10 Mar HUD’s poor need paths to wealth, not vouchers to affluent zip codes
John Anthony
Rather than help low-income families learn the skills to succeed, HUD wants to move them into “opportunity rich neighborhoods” hoping pre-existing success rubs off.
With the new administration, HUD has an opening to help the poor escape poverty, reduce the pay gap, and eliminate a main cause that fuels America’s decade of increasing social clashes.
HUD’s 2016 program, Small Area Fair Market Rents, (SAFMR) relocates Section 8 recipients into upscale zip codes by increasing their voucher values. The agency believes the current residents’ success will transfer to the newcomers.
But SAFMR expands on HUD’s “Move to Opportunity” project that had dubious results. According to the agency’s own analysis, the 15-year project resulted in “No better educational, employment, and income outcomes.” The report also showed increases in crime and food stamp use.
Impoverished East Palo Alto, CA has practiced a similar HUD program for over 30 years.

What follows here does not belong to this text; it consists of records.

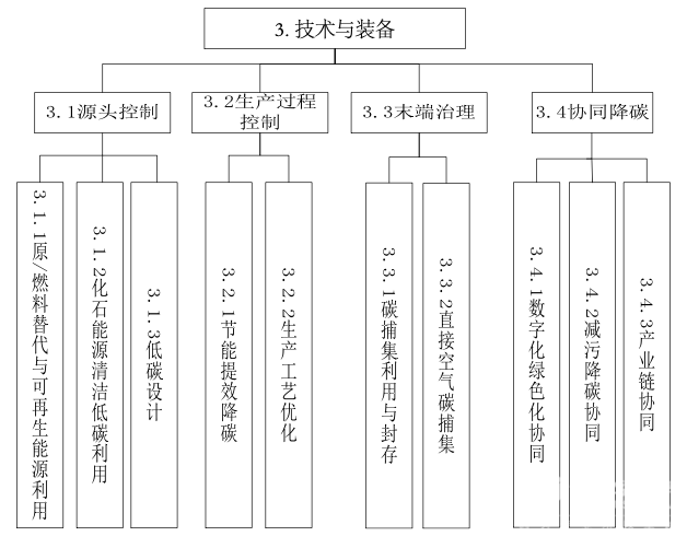 主要指能够有效降低工业领域温室气体排放的相关技术和装备标准,包括温室气体的源头控制、生产过程控制、末端治理以及协同降碳等 4 类。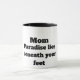 A meaningful ceramic mug featuring the heartfelt message “Mom, paradise lies beneath your feet.” This elegant and minimalist design makes every coffee or tea moment a reminder of love, respect, and appreciation for a mother.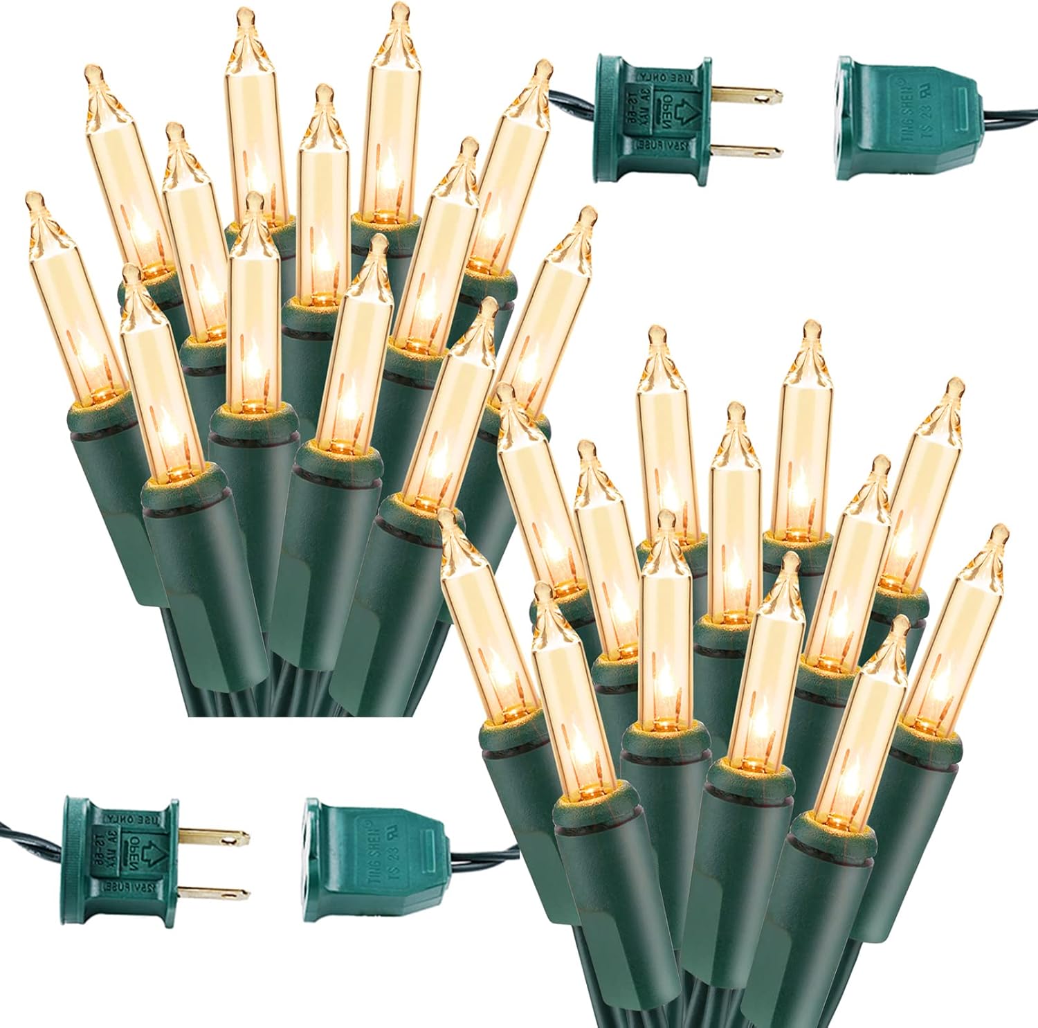 - End to End Connectable Warm Glow Christmas Lights: This mini Christmas light set is end to end connectable up to 3 sets (450 lights), expandable up to a longer 104.4ft length for any big project or small. UL certified, great value and quality, safety use.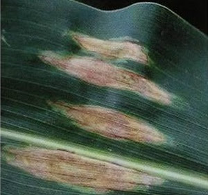 Hình 4: Vết bệnh điển hình trên lá ngô.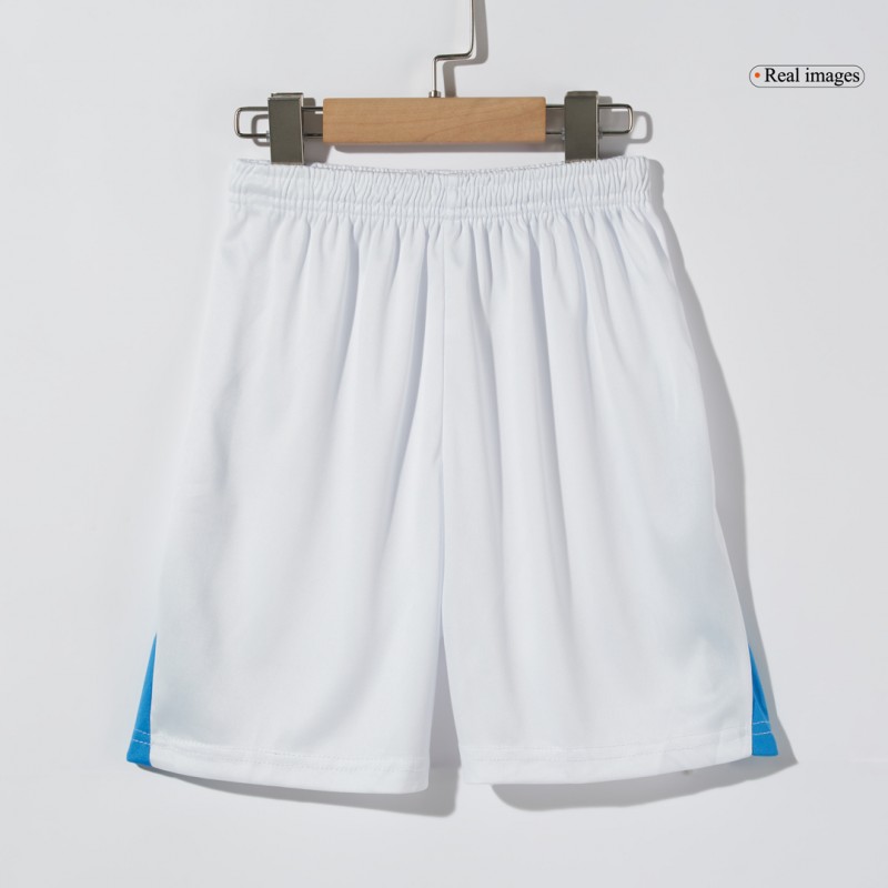 The EA7 Napoli 2024-2025 home jersey is predominantly sky blue with a fashionable and elegant design.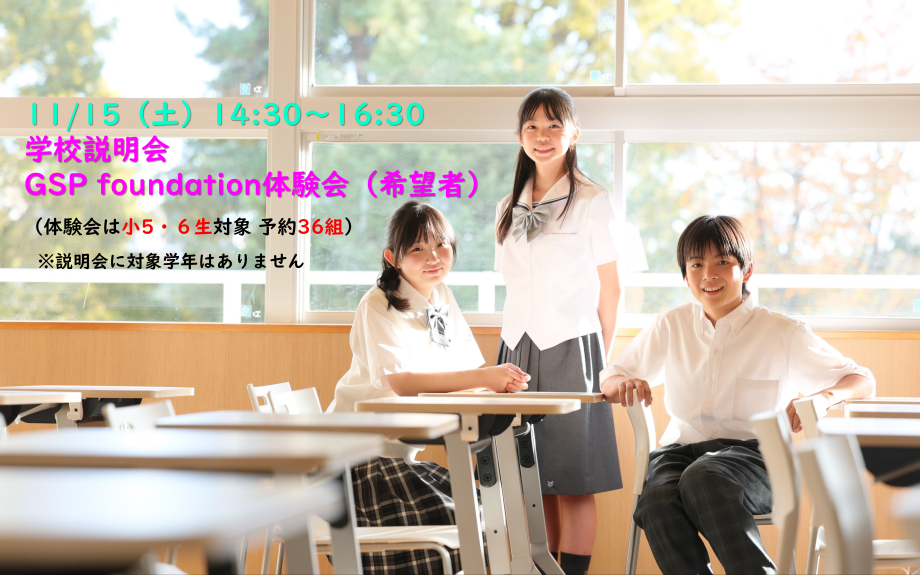11/15(土)GSP foundation体験会・中学校説明会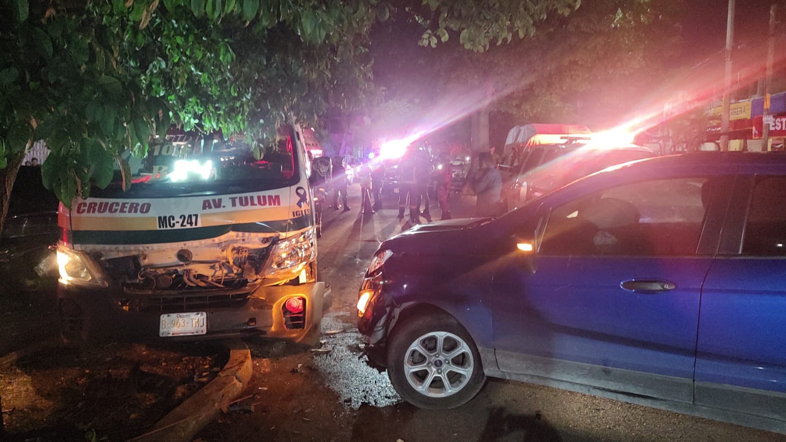 Cancún.- Siete personas lesionadas fue el saldo de un choque entre una camioneta particular y una van de transporte público, ocurrido la noche de ayer en la avenida Francisco I. Madero y la calle 113 en esta ciudad.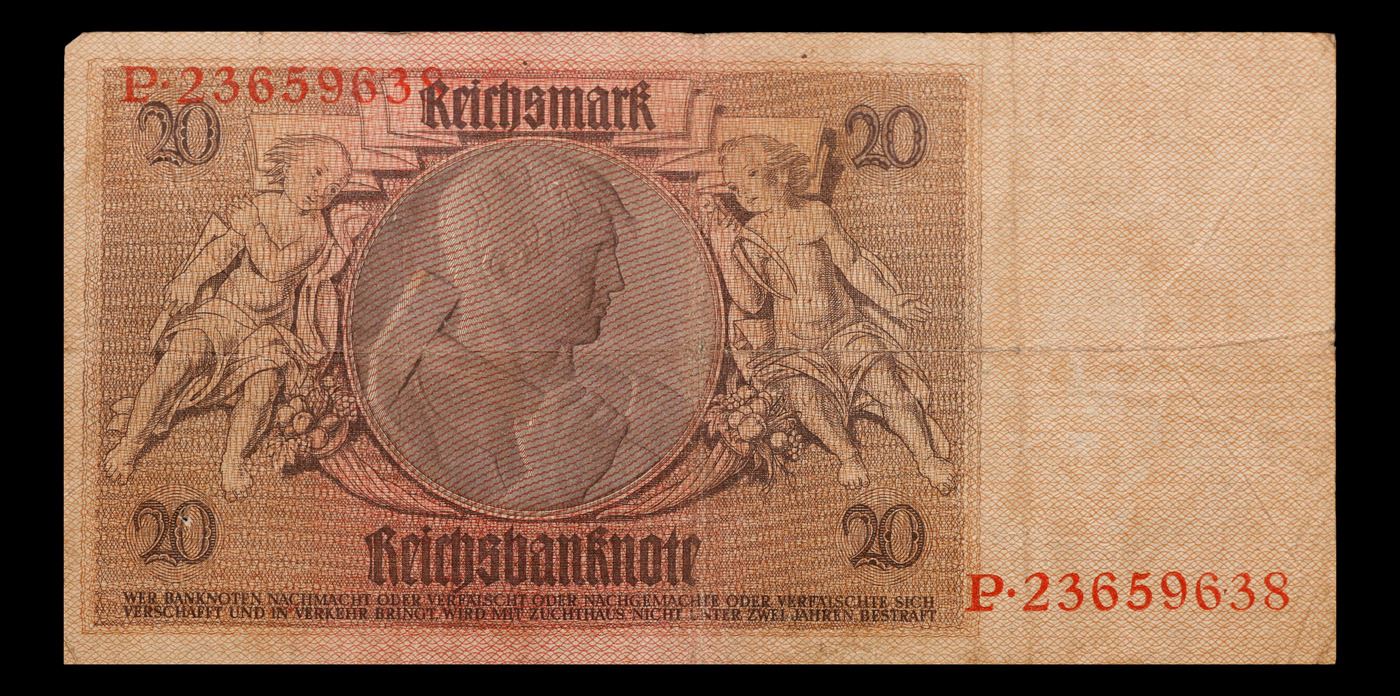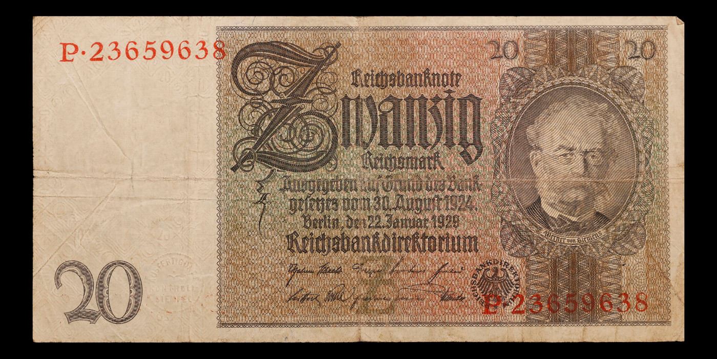 1929 Weimar Germany 20 mark Note P: 181B Grades vf+. In the early 1920s, post-WWI Germany saw its economy spiraling out of control. Hyperinflation started directly after the war in 1918, but truly took over the Weimar Republic from 1921 to 1923. The value of the Mark declined incredibly rapidly. 1 USD was equal to 50 German Marks at the beginning of 1920. Toward the end of 1923, 1 USD was equal to over 4,200,000,000,000 German Marks. At times, denominations of the Mark became less valuable than the paper and labor to print it almost immediately after printing. Thus, denominations of the Mark notes became incredibly large, ending up in the tens of trillions.

In 1987, their students began attending classes in tony Menlo Park, home to Silicon Valley, and more recently Facebook. At best studies show mixed results.
Vouchers and zip codes don’t pull people out of poverty, income does. Financial success requires attitude, skills, and opportunity. Today, HUD and the administration are in the position to work with Congress to provide all three.
The agency can work in low-income areas to gain community support for programs that teach work age family members the importance of independence, property and wealth building. They can learn how to manage personal challenges, practice community and workplace leadership, and learn job interview skills. Where necessary, privately operated remedial classes can help those requiring basic schooling.
Last year HUD formed four regional Equity Assistance Centers to advance ‘income diversity’ in elementary and secondary classrooms. These EACs can be converted to Opportunity Centers to assist in coordinating locally based learning programs and encourage state and local authorities to promote vocational schools.
Local businesses can participate by providing interviews and jobs for qualifying graduates of the program.
Closing the pay gap between American workers and CEO’s also provides opportunities for the poor and all classes to build wealth.
The gap exists, not because of political failures, but because, as capital becomes more responsible for production, labor becomes less of a factor. “Capital,” as Dr. Joseph Blasi, Professor of The Rutgers’s School of Labor and Management says, “is anything that improves the performance of labor.”
For example, imagine a construction company buys pneumatic nail guns enabling their workers to finish two structures in the same time it took to complete one with a regular hammer. The air guns are part of the company’s capital.
Because of that increased capital, the owner now has more structures to sell, while the workers’ labor still earns them the same amount of money.
The only way to close the gap is for workers to share in the capital.
Congress can address the pay gap by redirecting a portion of the business taxes that corporations pay, back into the pockets of workers to fund profit sharing and Employee Stock Ownership Programs.
HUD can then work with organizations such as the Kemp Foundation, to promote free enterprise zones in low-income areas that include requirements to hire a portion of their workforce in local talent. Enterprise zones make it easier for families to find jobs and travel to them.
With locally based training initiatives and increased equity opportunities, low income and all workers can build multiple revenue streams. Salaries create immediate income, profit-sharing provides additional monies, and the ESOP builds long-term wealth.
As for reducing violence, Veny Musum, author of “The 3rd Way, Building Inclusive Capitalism” notes, “Those Baltimore rioters would not have been so quick to burn down CVS if they owned shares of the business.”
It is time for HUD to consider new ways to help people out of poverty, rather than more experiments to make it comfortable.